The just-concluded annual sessions of the National People's Congress (NPC) and the Chinese People's Political Consultative Conference (CPPCC) National Committee were especially important for two reasons. First, they signalled the beginning of the 12th Five Year Plan (2011-2015). Second, the new plan signals the formal restructuring of China's economy to focus on domestic development. Many believe that the end result will be momentous, in large part because of China's pivotal role in helping the world economy recover.
The economic restructuring has a special meaning for China. For example, there will be material development in the high-speed train network and other infrastructure facilities. There will also be socio-economic development with long-term significance, intended to narrow the widening income gap between the rich and the poor, to lift more people out of poverty, and to fortify a growing, strong and stable middle class.

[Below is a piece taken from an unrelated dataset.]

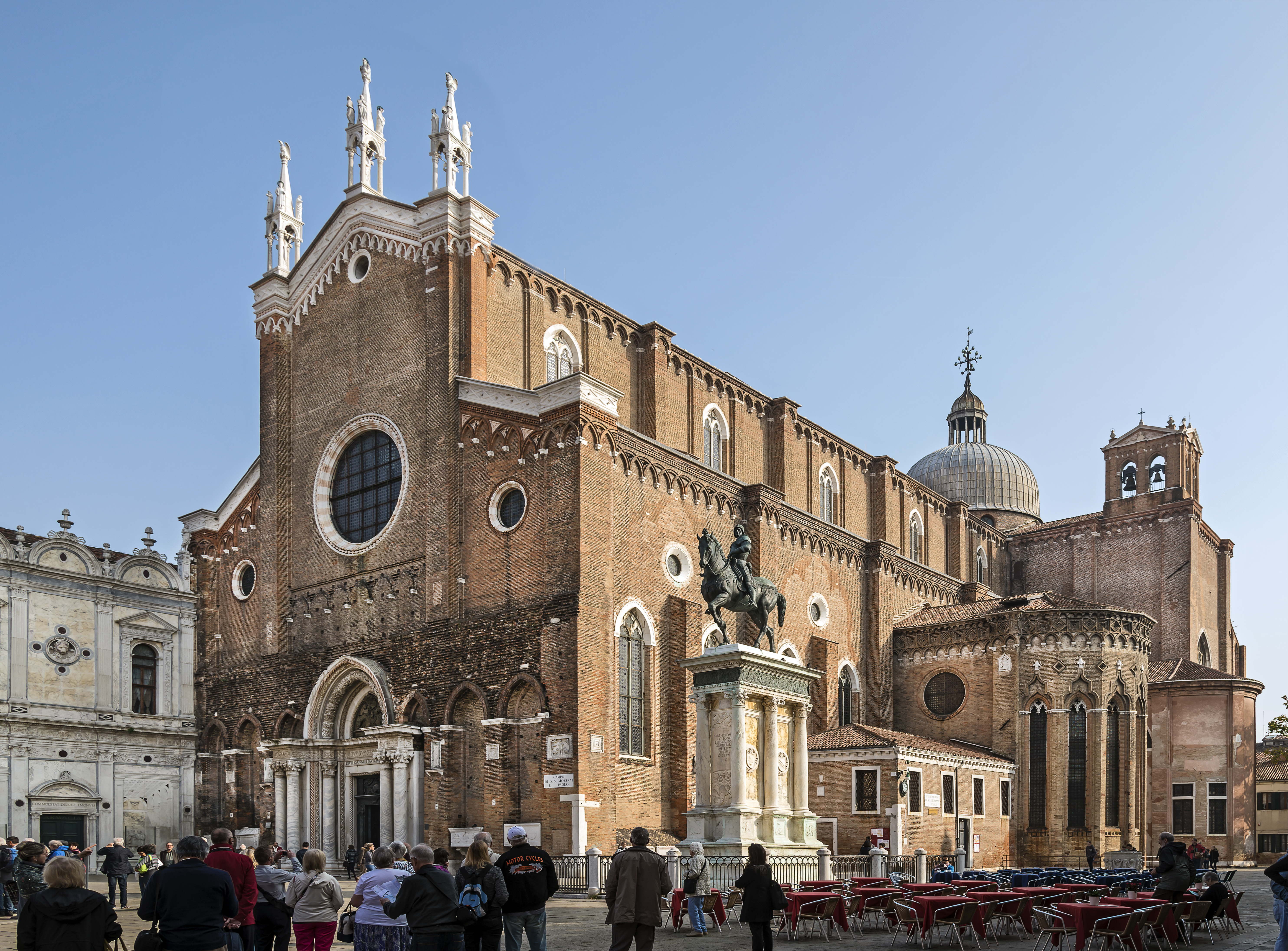 Santi Giovanni e Paolo, Venice from Campo San Zanipolo

Given the government's goal of social economic development, they will naturally have implications on the reforms in individual income tax and income distribution. Public sentiment is now galvanized over the reforms, which aim to help the poor and focus on larger policy issues of fair wealth distribution and better livelihood for the people.
The State Council, China's Cabinet, recently sent a draft on income tax reform to the NPC's Standing Committee, the country's top legislature, for approval even as the public debates whether the individual income tax threshold should be raised from 2,000 yuan ($304) to 3,000 yuan or 5,000 yuan a month or whether a more comprehensive tax reform (reducing tax brackets and simplifying tax rates) should be implemented.

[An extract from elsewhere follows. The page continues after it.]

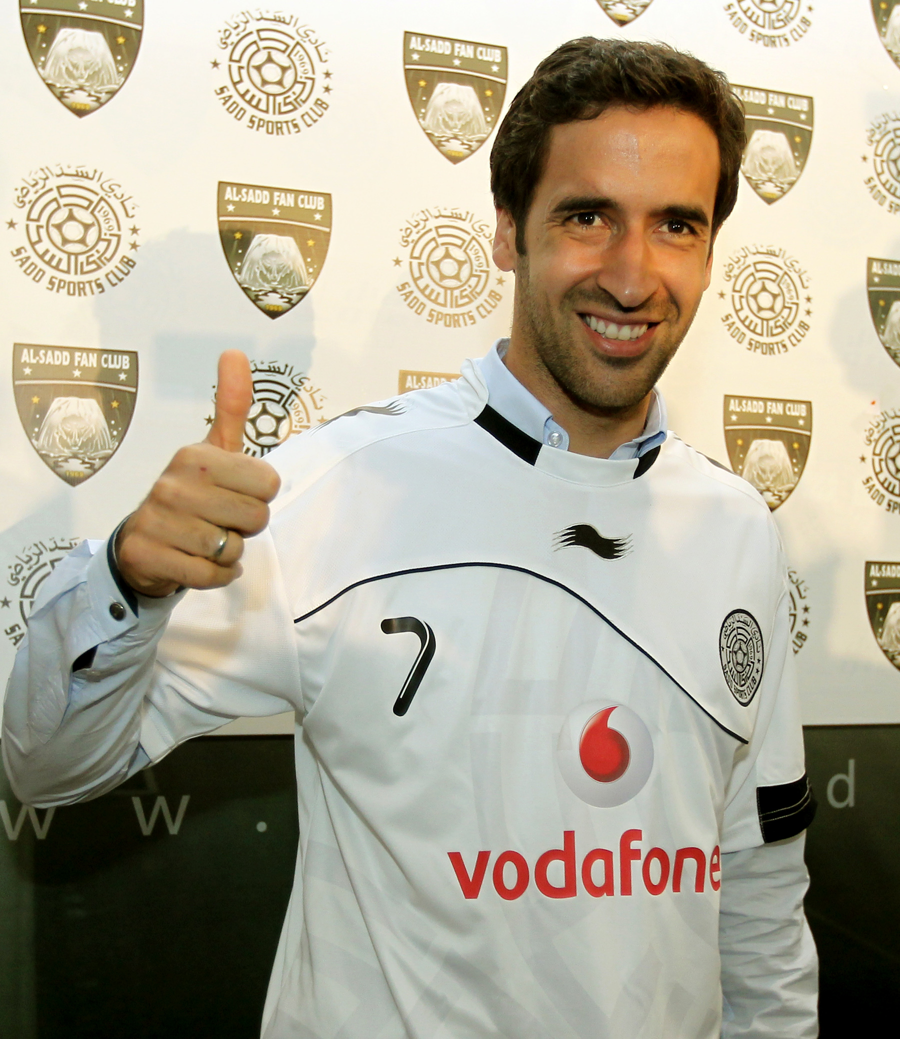 Raúl González Blanco

Income distribution reform is the other important issue. The 12th Five-Year Plan, for example, aims to raise the annual growth of per capita disposable income by 7 percent both in urban and rural areas. Interestingly, the annual national GDP growth rate for the next five years has been lowered to 7 percent. The government has already implemented some measures to reform income distribution, including increasing the wages of low-income people, protecting legal income and cracking down on illegal earnings, and regulating excessively high incomes.
On Monday, Premier Wen Jiabao addressed a press conference after the conclusion of the NPC session. Premier Wen's remarks reiterate the importance of improving people's livelihood, a point highlighted even in his Government Work Report on March 5. The report says the income tax and income distribution reforms are key steps toward realizing fair wealth distribution and thus improved livelihood for the people.
The NPC and CPPCC sessions discussed socio-economic issues which exuded passion, reason and will - the passion to promote people's well-being, the exercise of reason to find ways for such promotion, and the will to deliver what people need.
The sessions provided the rationale for ensuring fair distribution of wealth and improvement in people's livelihood. It goes something like this: In the past 30 years, China's "creation of shared national wealth", achieved pragmatically "a footprint with every step" at a time, must "benefit all Chinese people".